There’s the apron with all of the flowers on. Lots of stitches, lots of flowers. I like it, but until today haven’t quite been able to pinpoint why it isn’t quite right. I will finish it, and it will be a piece of work along the way. It will be fine.
After finishing the MA, Bo Jones and I decided we needed to keep going, we needed a focus. By working alongside in occasional, sporadic, higgledy piggledy collaboration we both learned a thing or two.
One of the things I learned was the essence of stitch. That chain stitch and French knots and composite stitches and laid work (see apron) were all very well, but the essence of stitch was up and down. That’s it really. Up. Down.

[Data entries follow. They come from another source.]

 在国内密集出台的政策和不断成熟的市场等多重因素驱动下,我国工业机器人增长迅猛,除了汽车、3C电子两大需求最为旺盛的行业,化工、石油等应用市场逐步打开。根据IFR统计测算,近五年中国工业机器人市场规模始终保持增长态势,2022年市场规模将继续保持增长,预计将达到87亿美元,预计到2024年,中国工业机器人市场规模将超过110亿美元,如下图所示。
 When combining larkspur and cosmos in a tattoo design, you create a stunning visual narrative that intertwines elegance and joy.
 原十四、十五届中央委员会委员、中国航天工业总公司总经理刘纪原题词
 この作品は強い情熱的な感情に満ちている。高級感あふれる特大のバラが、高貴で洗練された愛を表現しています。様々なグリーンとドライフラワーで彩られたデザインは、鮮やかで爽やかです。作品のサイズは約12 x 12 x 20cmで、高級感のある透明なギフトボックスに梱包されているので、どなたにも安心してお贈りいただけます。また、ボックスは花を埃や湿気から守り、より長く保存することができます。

A stitch fixes one thing to another with a short line. Then you make a longer line. Sometimes my lines follow words. But mostly they go up and down in straight(ish) lines. That’s all I need them to do. Sometimes the stitch just goes through. The only thing it fixes is itself. The line.
There you go: my materials research. The product of a year’s work. Up. And down. And possibly up again.

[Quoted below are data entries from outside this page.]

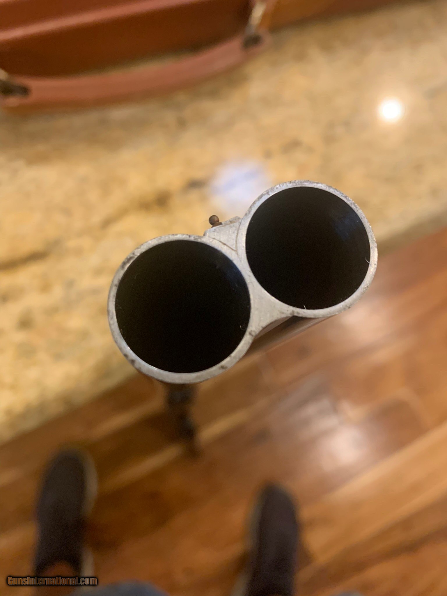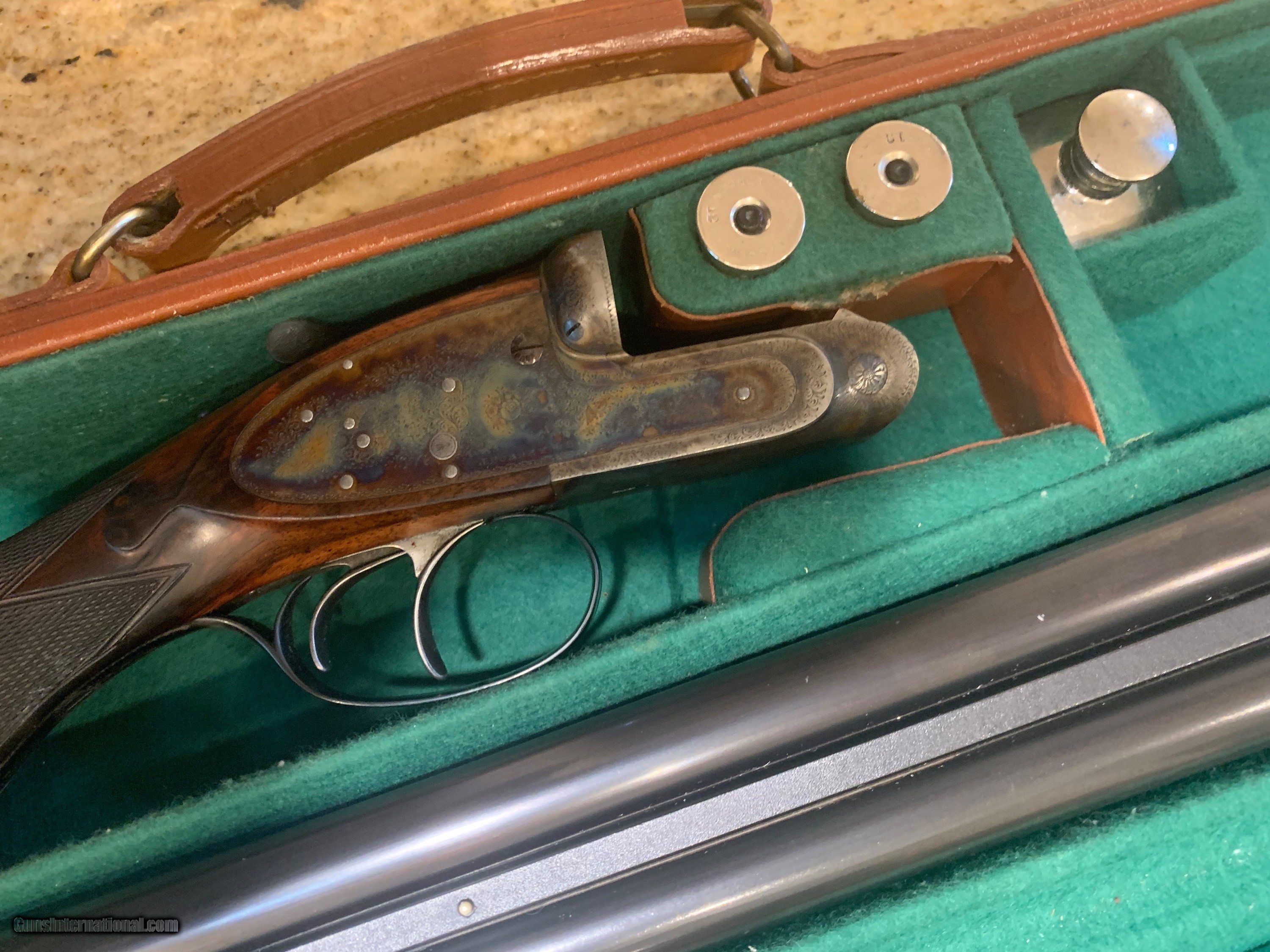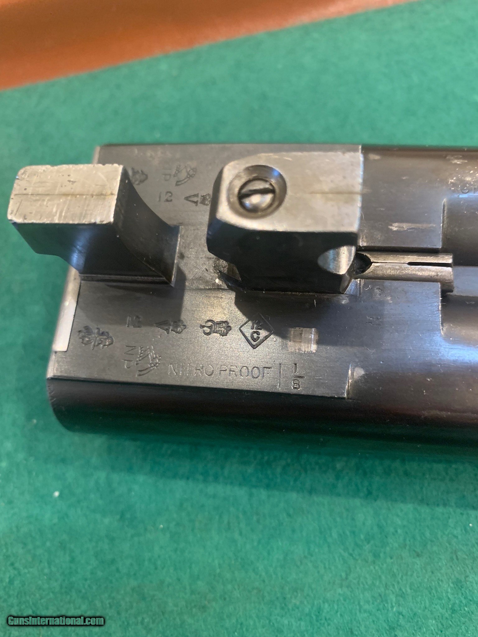 Description: Excellent in the case 12 gauge gun from 1907, 28" barrels choked IC and Mod, weighs 6 lb 4 oz., lop is 14.5", self opener, top of barrels- J Purdey and Sons. Audrey house. South AudleyStreet. London. Other barrel, Made of Sir Joseph Whiteorths Fluid Pressed Steel, nitro proofed 1 1/8, checkered butt, broken front bead, round knob, marble cake wood, stunning grain, bores are excellent, two triggers, ejectors, a wonderful very lightly used gun, some light handling marks, This gun was sent back to London in 2005 and was fully restored to be gifted as a retirement present. Certified funds shipped to an ffl only for actual cost. SOLD Shotgun Gauge: 12 Gauge |
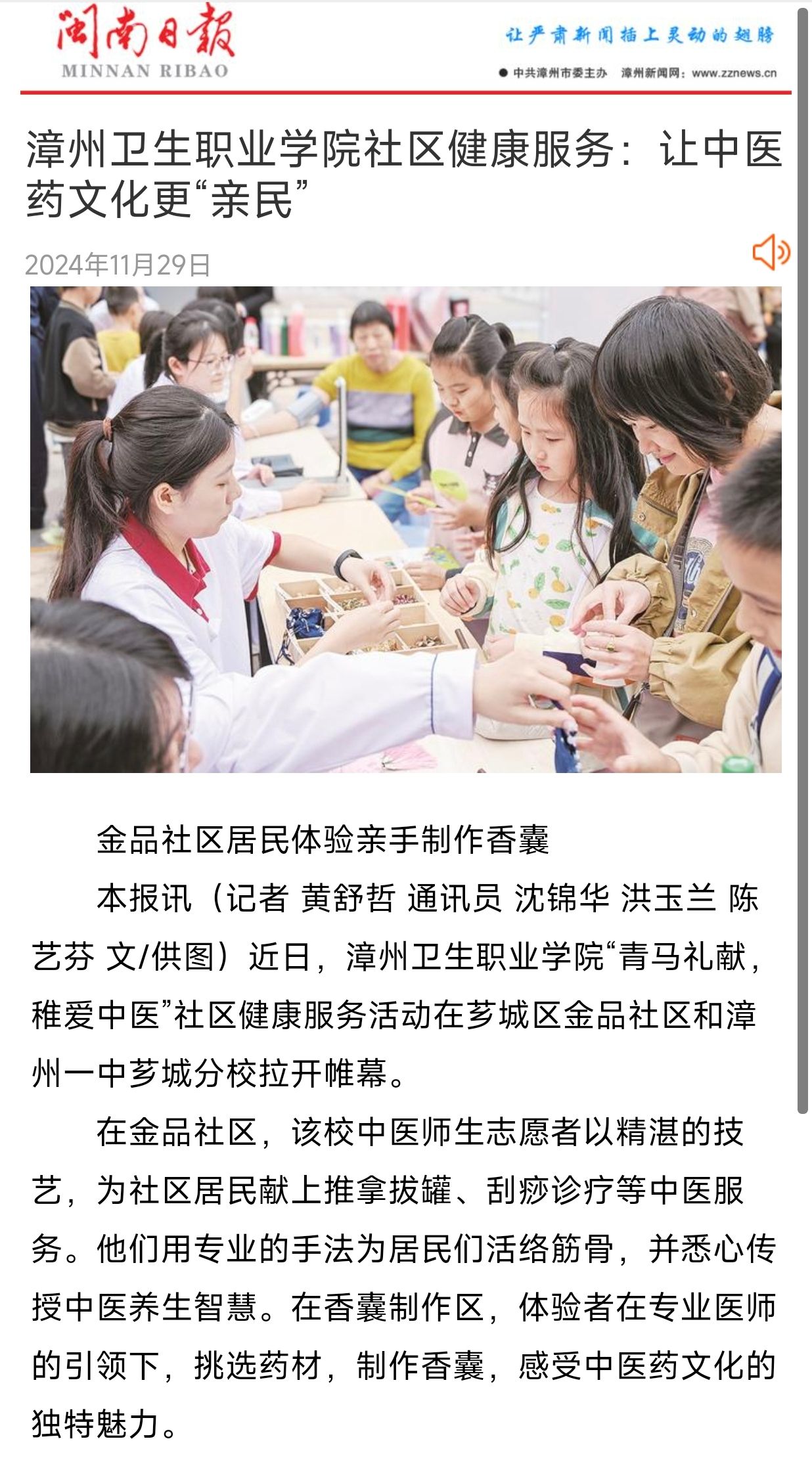 闽南日报:漳州卫生职业学院社区健康服务:让中医药文化更“亲民”
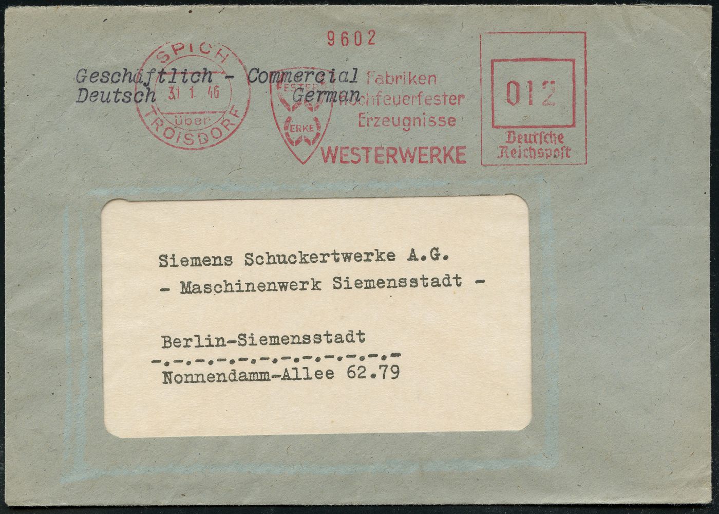 9773 | 25 € | PL-Raum 52 : SPICH/ über/ TROISDORF/ WW/ Fabriken/ hochfeuerfester/ Erzeugniss/ WESTERWERKE 1946 (31.1.) aptierter AFS Francotyp "Reichsadler" = entfernt = Notmaßnahme! (Monogr.-Logo) klar gest. Fern-Bf. (Dü.E-13 J-129h = Pst. I-Typ) | ![]() | |

But… What you stitch with and onto. That’s the real tricky bit.
These marks I make at the moment are mere smudges.
I take apart a garment to get at the warp and weft threads, printed cotton works best, because then what I do is stitch a ghost of the pattern onto something else… A smudge of one person up against another. A tell-tale mark of how one person has touched another…. And I use the word touch in the loosest of ways.
One person affecting, mending, loving another…
It’s more than a stain, and less than a stain. The stitches can’t be washed out. (I know, sometimes neither can the stain.) Sometimes it can be unpicked. Sometimes it can’t. Sometimes if you unpick it you can still see the needle holes. Some fabric forgives the needle. Some does not. Some starts to unravel from the hole. All of these elements are important.
The research continues into the objects being taken apart and the objects being stitched into. What are they, who do they signify?
Sometimes it’s complicated. The child’s old linen dress I repair is not my child, is not me, but perhaps my mother. I mend it with a fragment of a long worn out skirt given to me, by her friend. I stitch them together with the threads taken from a girl’s dress… Who is doing the mending? What is it that needs repair? I’m reassuring my mother. And she tells me it’s ok. She died 21 years ago. But she is still telling me it’s ok. And I’m telling her I know.